Unlock Real‑Time Container Network Monitoring with KubeSkoop’s eBPF Probes
This article explains how KubeSkoop leverages eBPF to provide low‑overhead, pod‑level network monitoring and real‑time diagnostics for Kubernetes clusters, covering packet flow fundamentals, traditional troubleshooting tool limitations, the exporter’s probe architecture, daily monitoring practices, and future development plans.
Packet flow inside a container
In Linux a network packet traverses several kernel layers before reaching an application. The receive path is: NIC driver interrupt → ksoftirqd schedules the packet → netfilter processing → transport‑layer handling (TCP/UDP) → payload placed in the socket receive queue and the application is woken up. The send path is the reverse: the application writes to the socket → transport layer assembles the segment → network layer → netfilter → TC egress → qdisc → NIC driver transmission.
The many layers make troubleshooting difficult, especially when kernel modules, sysctl parameters, or system resources (disk, scheduler, application bugs) affect packet handling.
Traditional network‑troubleshooting tools
net‑tools (netstat) : reads /proc/snmp and /proc/netstat; very low overhead but provides only a limited set of counters.
iproute2 (ip, ss) : uses netlink to obtain richer state information; higher overhead than procfs.
bcc‑tools : eBPF‑based observability for network, disk and scheduler; powerful but requires more expertise.
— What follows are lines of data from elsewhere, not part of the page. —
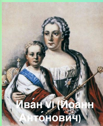
Иван VI (Иоанн Антонович)

(12 [23] августа 1740, Санкт-Петербург — 5 [16] июля 1764, Шлиссельбург) — российский император из Брауншвейгской ветви династии Романовых.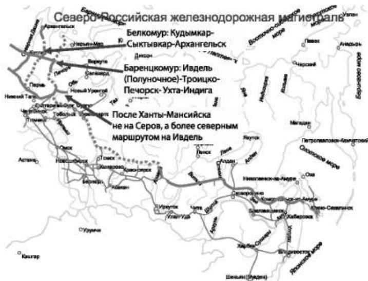
Рис. 4. Северо-Российская железнодорожная магистраль

сплошной линией показаны имеющиеся участки магистрали, жирным пунктиром — те, которые предстоит построить).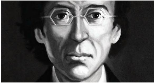
Padre Félix Varela Morales

siempre hasta su deceso. Sus enseñanzas éticas no solo se encuentran en las Cartas a Elpidio , sino, en primer lugar, en su propia vida.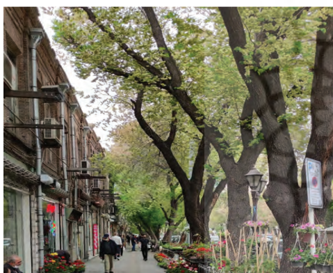
شماره (۱۵): قسمتی از پیاده‌روی خیابان امام خمینی

These tools operate at host or network‑namespace level, making it hard to isolate a single container and they often miss short‑lived anomalies.
Why KubeSkoop was created
KubeSkoop targets the complexity of kernel packet processing and the shortcomings of traditional tools in cloud‑native environments. It provides automatic diagnosis for persistent connectivity failures (e.g., DNS) and real‑time monitoring for intermittent problems such as latency spikes, packet loss or TCP resets.
KubeSkoop exporter architecture
The exporter collects data from eBPF programs, procfs and netlink, then exposes pod‑level metrics to Prometheus and events to Loki (or stdout). Probes are hot‑pluggable; users can enable only the probes they need to balance observability and overhead.
Probe, metric and event overview
socketlatency : measures latency from socket readiness to user‑space read/write; high overhead; useful for diagnosing slow application processing.
sock : parses /proc/net/sockstat; low overhead; monitors socket counts and memory usage.
tcp/udp/tcpext : reads /proc/net/netstat and /proc/net/snmp; low overhead; provides connection counts, retransmissions and UDP error counters.
tcpsummary : uses netlink SOCK_DIAG_BY_FAMILY to aggregate per‑pod TCP state; medium overhead; helps analyse connection‑failure patterns.
tcpreset : traces kernel functions that send/receive RST packets; low overhead; emits events only on reset occurrences.
ip : reads IP‑level counters from /proc/net/snmp; low overhead; detects unreachable routes and malformed packets.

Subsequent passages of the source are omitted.